# Welcome to our playground!

It's wonderful to be here
It's certainly a thrill
You're such a lovely audience
We'd like to take you home with us
We'd love to take you home!!

## Now let's first see if we can connect to the bank!

To do so we need to install some packages and set up the sql extension for Jupyter. We will also set some variables required by the code. 
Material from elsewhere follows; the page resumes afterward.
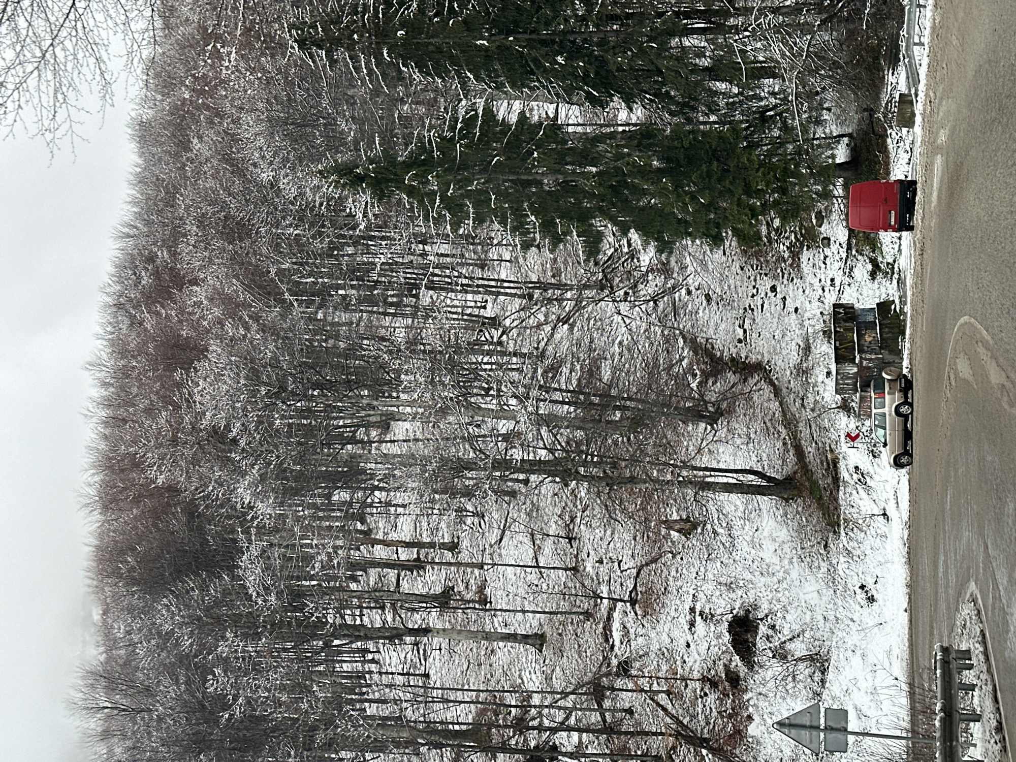 The scene depicts a snow-covered mountain road and forest under an overcast sky, located in the vicinity of Barziya, Bulgaria. A wet, asphalt road curves sharply to the left in the foreground, with snow and slush accumulating on its shoulders. A metal guardrail runs along the left edge of the road, behind which a triangular road sign indicating a sharp right curve or hazard is visible. Two vehicles are present. A light-colored SUV, possibly a Toyota RAV4 with a rear-mounted spare tire, is positioned on the right side of the road, appearing to navigate the turn, facing generally left. Its license plate is partially visible. Further down the road on the right shoulder, a red cargo van is parked or stopped, facing away from the viewer. Its Bulgarian license plate is legible. Behind the SUV, a concrete block structure with dark, possibly graffiti-covered surfaces is visible. The hillside beyond the road is densely forested. The majority of trees are bare deciduous trees, coated in a thin layer of snow or frost, with snow covering the ground beneath them. Several tall, dark green coniferous trees, also dusted with snow, are prominent on the right side behind the red van and within the larger forest. The upper slopes of the forest blend into a misty, grey sky. No individuals are visible.

***Nota Bene - This might take some time and there will be no output! - > once a number appears in between the brackets [] the command is done!***

In [1]:
# Installing some python packages to talk SQL
! pip install -q ipython-sql sqlalchemy psycopg2-binary -q

import requests

project_id= requests.get("http://metadata/computeMetadata/v1/project/project-id", headers={'Metadata-Flavor': 'Google'}).text
full_zone_string = requests.get("http://metadata/computeMetadata/v1/instance/zone", headers={'Metadata-Flavor': 'Google'}).text
zone_name = full_zone_string.split("/")[3]
region = zone_name[:-2]

We can jump right into it now - adjust the following cell with the password you created for the postgres user!

In [None]:
%sql postgresql://postgres:kcg6a2jg@192.168.142.72:5432/postgres

No news is good news! But to be sure, let's run a query:

In [None]:
%sql SELECT * FROM pg_catalog.pg_user

If all went according to plan you will see a table with the results of the SQL query. Feel free to play around with this and query other stuff if you want!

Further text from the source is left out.